Psa (SCJY02-1) growth inhibition assay of phages (MOI = 1) and carvacrol. (a) PN05 and carvacrol, (b) PN09 and carvacrol, (c1,c2) phage cocktail and carvacrol (c2 is an enlarged image of c1) were used. Psa culture without phage or carvacrol was used as the control. Data are the mean ± standard deviation of three independent assays.

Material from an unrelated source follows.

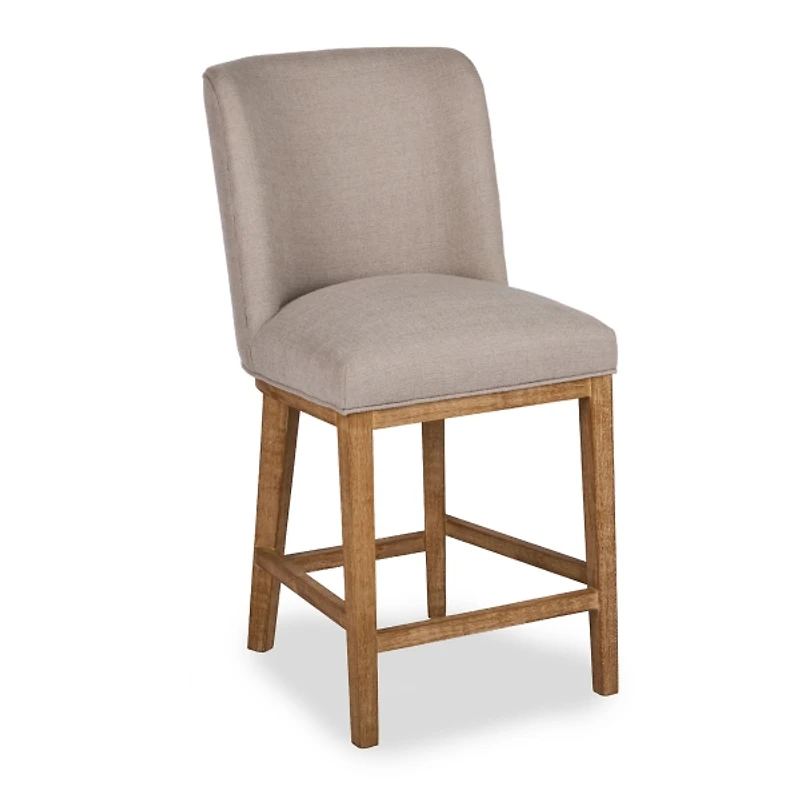 Our Capri Gray Upholstered Counter Stool will update your dining space with comfort and classic style. From farmhouse to traditional, this dining furniture suits any kitchen aesthetic while elevating your dining experience. Overall dimensions Width: 19.4 in. Depth: 22.1 in. Height: 38.4 in. Seat height measures 25 in. Crafted with a wood frame Brown wood frame finish Upholstered in a gray fabric Padded seat and curved backrest Weight: 18.1 lbs. Weight capacity: 225 lbs. No assembly required Not intended for commercial use Care: Spot clean only. Contact your local Kirkland's store for availability. Quantities and selection may vary by location. WARNING: Cancer and Reproductive Harm - For more information go to www.P65Warnings.ca.gov .

According to the results of the phage inhibitory assay (Figure 4), PN05 was more effective than PN09 in inhibiting Psa (SCJY02-1) growth, as the maximum bacterial density of Psa (OD600 = 0.150) was significantly lower here (p < 0.05) than it was for PN09 alone, and inhibition to the detection limit of the method was reached earlier here than it was for PN09 alone. Therefore, PN05 was used in further inactivation assays (evaluated on the basis of colony count instead of bacterial inhibition determined, based on OD) of Psa with carvacrol (2.0 mg/mL). The results of Psa inactivation by phage and carvacrol are shown in Figure 5. After treatment with PN05, phage cocktail, carvacrol, PN05 + carvacrol and phage cocktail + carvacrol, the bacterial concentrations were reduced by 4.71, 4.19, 5.84, 6.38 and 6.52 log CFU/mL, respectively, when compared with the control treatment. After 4 h of treatment, the rate of bacterial inactivation achieved with carvacrol at 2.0 mg/mL (reduction of 3.26 log CFU/mL) was significantly higher (p < 0.05) than that obtained with PN05 or phage cocktail alone, when compared with the control treatment. However, after 8 h of treatment, the bacterial inactivation achieved with carvacrol at 2.0 mg/mL (reduction of 4.14 log CFU/mL) was significantly lower (p < 0.05) than that obtained with PN05 or phage cocktail (reduction of 5.98 and 6.26 log CFU/mL, respectively). After 24 h, Psa regrowth was observed in both the PN05 and phage cocktail treatments. When Psa was treated with PN05 or phage cocktail + carvacrol (2.0 mg/mL), the Psa concentration decreased and no regrowth was observed until the end of the experiment (40 h). The efficiency of the phage combined with carvacrol treatment significantly differed from that of carvacrol alone. For example, when compared with the control treatment, Psa inactivation by PN05 + carvacrol (reduction of 4.87 log CFU/mL) was significantly higher (p < 0.05) than that by carvacrol alone (reduction of 3.26 log CFU/mL) after 4 h of treatment. At 8 h, Psa inactivation by PN05 + carvacrol (reduction of 6.94 log CFU/mL) was significantly higher (p = 0.0065) than that by phage cocktail + carvacrol (reduction of 5.87 log CFU/mL), when compared with the control treatment.

Figure 5.

Figure 5

Inactivation of Psa (SCJY02-1) by phage PN05, phage cocktail and carvacrol. Data are the mean ± standard deviation of three independent assays.

3.5. Biofilm Inhibition

The ability of the phages and carvacrol to prevent biofilm formation was investigated. Figure 6 shows that phage + carvacrol (2.0 mg/mL) and carvacrol alone (2.0 mg/mL) were effective in preventing biofilm formation for 48 h. For phage alone and phage cocktail, a significant reduction in biofilm was observed after 24 h when compared with the control group (p < 0.05); while the amount of biofilm started to increase from 24 h to 48 h, the amount of biofilm in the PN05, PN09 and phage cocktail treatment groups was still significantly lower than that in the control group (p < 0.01). At 48 h, there was no significant difference between carvacrol alone and the combination treatments. However, the amount of biofilm in the carvacrol alone group was significantly lower than that in the control group (p < 0.01).

Figure 6.

Figure 6

Efficacy of phages (PN05, PN09 and phage cocktail) and 2 mg/mL carvacrol in preventing Psa biofilm formation by Psa (SCJY02-1) after 12 h, 24 h, 36 h or 48 h. Different letters in the column at the same time point (12 h, 24 h, 36 h or 48 h) indicate a statistical difference (p < 0.05). Y-axis means the amount of biofilm formation. Data are the mean ± standard deviation of three independent assays.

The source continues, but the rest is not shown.